Violator by Depeche Mode.

Tous's picture

Hear are a half-dozen fairly obscure works of genius (the last two being least well-known). The Geraldine Fibbers: Lost Somewhere Between Earth and My Home and Butch. Both brilliant albums weaving together traditional country and folk with rock. Band leader Carla Bozuluch correctly points to the the insurgent and angry nature of much traditional American music. The second album has Nels Cline, who many consider to be the greatest living guitarist. Its music has a more experimental feel. Mercedes Sosa: Sino.
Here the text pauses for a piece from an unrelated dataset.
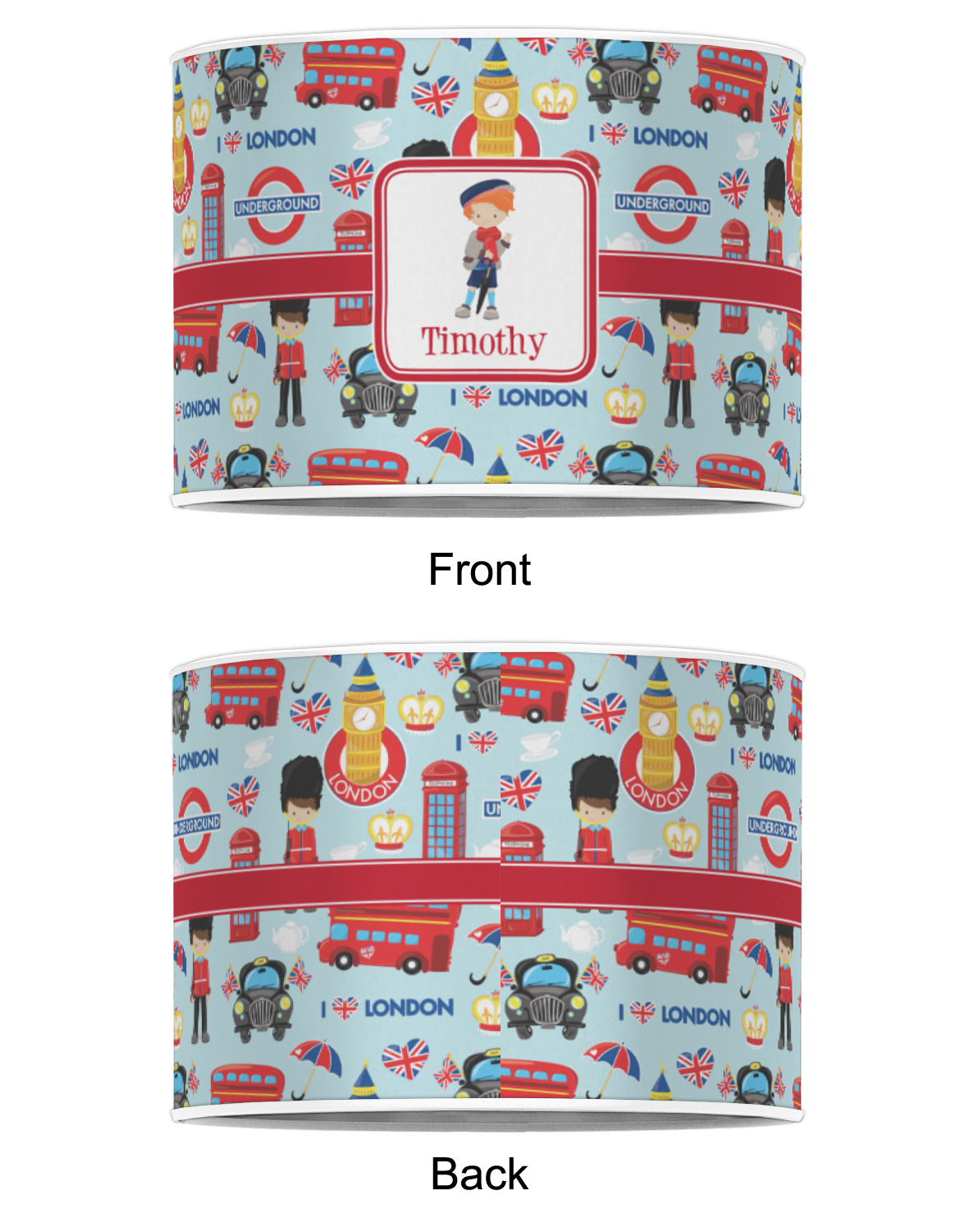 Our customized lamp shades also come in 3 different sizes: 8", 12" and 16", measuring at 8" in diameter by 6" tall, 12" in diameter by 8" tall, and 16" in diameter by 10" tall, respectively.

May be the best album by this recently deceased Argentine singer. Combines powerfully belted tunes with ballads. Think Cranberries and Joan Baez. In Spanish. Fela Kuti: "The Best Best of Fela Kuti. Kuti is considered one of the most important African musicians since World War II. This double disc has the best of his "Afrobeat," which crossed Nigerian music with jazz. There are prominent brass sections in large backing orchestras. Songs go 10 to 20 minutes and are immensely danceable. Dirty Three: Horse Stories. A lot of music claims to be different, but this actually is. There's a violinist, electric guitarist, and percussionist. No singing. Songs go for 5, 10 minutes or more. The mood is alternately melancholy, aggressive, or exhultant. Its somewhere between classical, jazz, long-form Sonic Youth and traditional Appalachian folk music. Magic Hours: Succession. When Galaxie 500 broke up in the early '90s, its bassist and drummer helped form this quartet. This album is a classic of psychedelia. No singing. Just four musical pieces (one 20 minutes, one 14, one 4, and one 7.5). Mystical and intense.

Ken Olen's picture

Blood on the Tracks by Bob Dylan.

xanthia01@gmail.com's picture

Every album has something I prefer more than others. There are very few albums that are perfection on a single track let alone start to finish.

Ken A.'s picture

Cowboy Junkies: The Trinity Session. It just draws me in and doesn't let go until the final note. The new 200g recording serves to bring out all the details that are buried in the CD or earlier vinyl copies.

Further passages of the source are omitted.